New in version 0.1.7.

class quapy.classification.calibration.BCTSCalibration(classifier, val_split=5, n_jobs=None, verbose=False)

Bases: RecalibratedProbabilisticClassifierBase

Applies the Bias-Corrected Temperature Scaling (BCTS) calibration method from abstention.calibration, as defined in Alexandari et al. paper:

  • classifier – a scikit-learn probabilistic classifier

  • val_split – indicate an integer k for performing kFCV to obtain the posterior prevalences, or a float p in (0,1) to indicate that the posteriors are obtained in a stratified validation split containing p% of the training instances (the rest is used for training). In any case, the classifier is retrained in the whole training set afterwards. Default value is 5.

  • n_jobs – indicate the number of parallel workers (only when val_split is an integer)

  • verbose – whether or not to display information in the standard output

class quapy.classification.calibration.NBVSCalibration(classifier, val_split=5, n_jobs=None, verbose=False)

Bases: RecalibratedProbabilisticClassifierBase

Applies the No-Bias Vector Scaling (NBVS) calibration method from abstention.calibration, as defined in Alexandari et al. paper:

  • classifier – a scikit-learn probabilistic classifier

  • val_split – indicate an integer k for performing kFCV to obtain the posterior prevalences, or a float p in (0,1) to indicate that the posteriors are obtained in a stratified validation split containing p% of the training instances (the rest is used for training). In any case, the classifier is retrained in the whole training set afterwards. Default value is 5.

  • n_jobs – indicate the number of parallel workers (only when val_split is an integer)

  • verbose – whether or not to display information in the standard output

class quapy.classification.calibration.RecalibratedProbabilisticClassifier

Bases: object

Abstract class for (re)calibration method from abstention.calibration, as defined in Alexandari, A., Kundaje, A., & Shrikumar, A. (2020, November). Maximum likelihood with bias-corrected calibration is hard-to-beat at label shift adaptation. In International Conference on Machine Learning (pp. 222-232). PMLR.:

class quapy.classification.calibration.RecalibratedProbabilisticClassifierBase(classifier, calibrator, val_split=5, n_jobs=None, verbose=False)

Bases: BaseEstimator, RecalibratedProbabilisticClassifier

Applies a (re)calibration method from abstention.calibration, as defined in Alexandari et al. paper:

  • classifier – a scikit-learn probabilistic classifier

  • calibrator – the calibration object (an instance of abstention.calibration.CalibratorFactory)

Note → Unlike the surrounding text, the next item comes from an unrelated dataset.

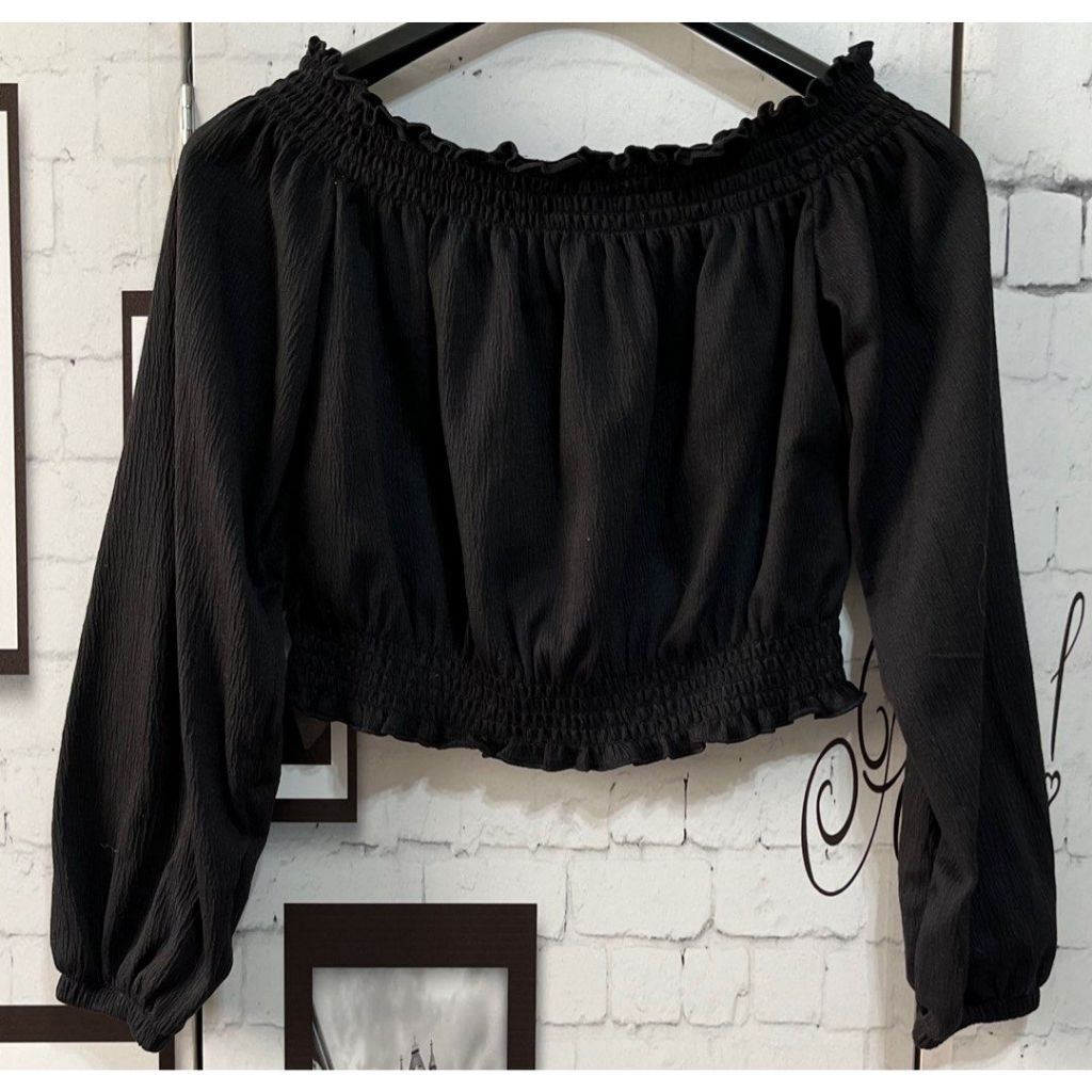 DIVIDED by H&M瑞典品牌黑色領口、衣緣多鬆緊帶設計短版長袖上衣

  • val_split – indicate an integer k for performing kFCV to obtain the posterior probabilities, or a float p in (0,1) to indicate that the posteriors are obtained in a stratified validation split containing p% of the training instances (the rest is used for training). In any case, the classifier is retrained in the whole training set afterwards. Default value is 5.

  • n_jobs – indicate the number of parallel workers (only when val_split is an integer); default=None

  • verbose – whether or not to display information in the standard output

property classes_

Returns the classes on which the classifier has been trained on


array-like of shape (n_classes)

fit(X, y)

Fits the calibration for the probabilistic classifier.

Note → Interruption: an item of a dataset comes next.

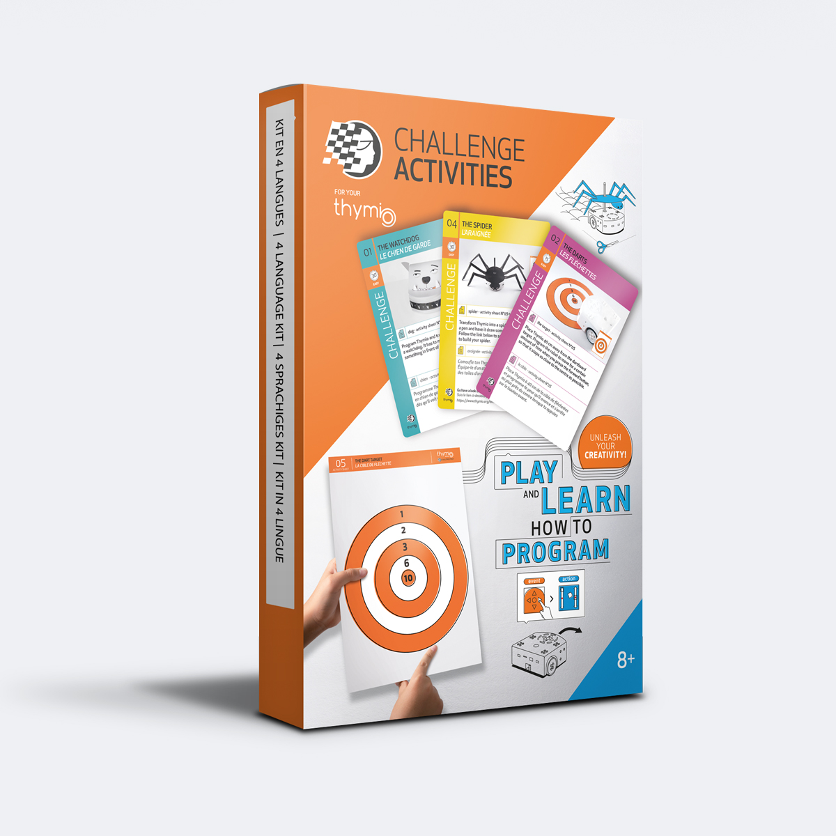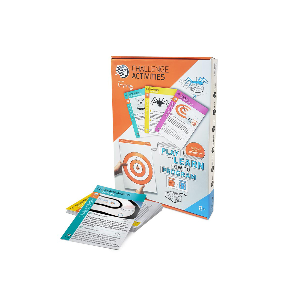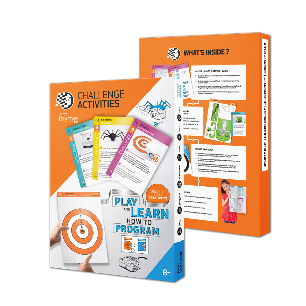 Das Thymio Challenge Activities Accessory Pack enthält 30 herausfordernde Schwierigkeitskarten, um den kleinen programmierbaren Roboter, Zubehör, eine Rennstrecke und einen A2 Guide zu entdecken, um alles über Thymio zu erfahren. Aktivitätskarten umfassen grundlegende Modi, visuelle Programmierung (VPL) und erweiterte visuelle Programmierung. Die Aktivitätsblätter ermöglichen es, den Roboter zu transformieren, Hindernisse zu schaffen und das Spielfeld zu schaffen. Inhalt auf Französisch auf Englisch auf Deutsch und Italienisch. Die Thymio Challenge Aktivitäten bieten die gleichen Aktivitäten wie das Thymio Challenge Pack. Achtung, die Thymio Challenge Aktivitäten enthalten keinen Roboter oder eine Fernbedienung!

  • X – array-like of shape (n_samples, n_features) with the data instances

  • y – array-like of shape (n_samples,) with the class labels



fit_cv(X, y)

Fits the calibration in a cross-validation manner, i.e., it generates posterior probabilities for all training instances via cross-validation, and then retrains the classifier on all training instances. The posterior probabilities thus generated are used for calibrating the outputs of the classifier.

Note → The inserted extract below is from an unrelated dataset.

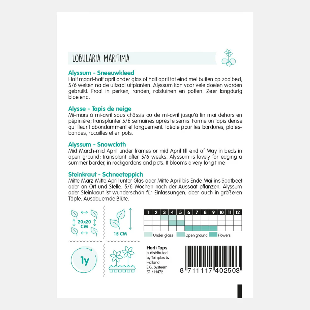 Caractéristiques du produit Magnifique en massif, rocaille et pot Entièrement recouvert de fleurs blanches Parfois ils fleurissent une seconde fois Emplacement Semer en pleine terre Oui Lumière de localisation Soleil Hauteur 15 cm Taper Annuel Périodes Temps de semis à l’intérieur Mars Temps de semis à l’intérieur jusqu’à Avril Temps de semis à l’extérieur de […]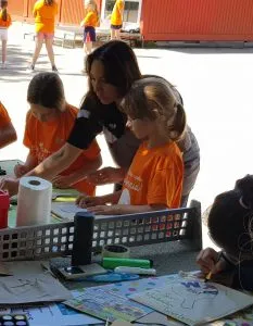 Nach ein paar Startschwierigkeiten und des verpassten Aufwärmens mit den Seil, ist Sina dann so langsam warm geworden, wohl auch, weil sie sie nach draußen zum basteln durfte. Es wurde ein Jute-Beutel selbst gestaltet. Danach ging es wieder nach drinnen und die Bälle, wurden je nach Leistungsniveau, durch die Halle geschmettert. Die Kinder haben zugehört, gelacht und nacheinander die unterschiedlichen Stationen durchlaufen. Der Spaß stand natürlich immer im Vordergrund! Gegen 13 Uhr gab es eine 1 Stündige Mittagspause und ein viele Pizzen wurden geliefert. In dieser Zeit konnten die Kinder sich auf dem Schulhof und in der Halle beim TT austoben oder ihre Bastelei vollenden. Nach der Pause ging es für Sina`s Gruppe nach draußen zum Koordinationstraining. Hier und da wurde auch gerne mit Wasser gespritzt.

  • X – array-like of shape (n_samples, n_features) with the data instances

  • y – array-like of shape (n_samples,) with the class labels



fit_tr_val(X, y)

Fits the calibration in a train/val-split manner, i.e.t, it partitions the training instances into a training and a validation set, and then uses the training samples to learn classifier which is then used to generate posterior probabilities for the held-out validation data. These posteriors are used to calibrate the classifier. The classifier is not retrained on the whole dataset.

  • X – array-like of shape (n_samples, n_features) with the data instances

  • y – array-like of shape (n_samples,) with the class labels




Predicts class labels for the data instances in X


X – array-like of shape (n_samples, n_features) with the data instances


array-like of shape (n_samples,) with the class label predictions


Generates posterior probabilities for the data instances in X


X – array-like of shape (n_samples, n_features) with the data instances


array-like of shape (n_samples, n_classes) with posterior probabilities

class quapy.classification.calibration.TSCalibration(classifier, val_split=5, n_jobs=None, verbose=False)

Bases: RecalibratedProbabilisticClassifierBase

Applies the Temperature Scaling (TS) calibration method from abstention.calibration, as defined in Alexandari et al. paper:

  • classifier – a scikit-learn probabilistic classifier

  • val_split – indicate an integer k for performing kFCV to obtain the posterior prevalences, or a float p in (0,1) to indicate that the posteriors are obtained in a stratified validation split containing p% of the training instances (the rest is used for training). In any case, the classifier is retrained in the whole training set afterwards. Default value is 5.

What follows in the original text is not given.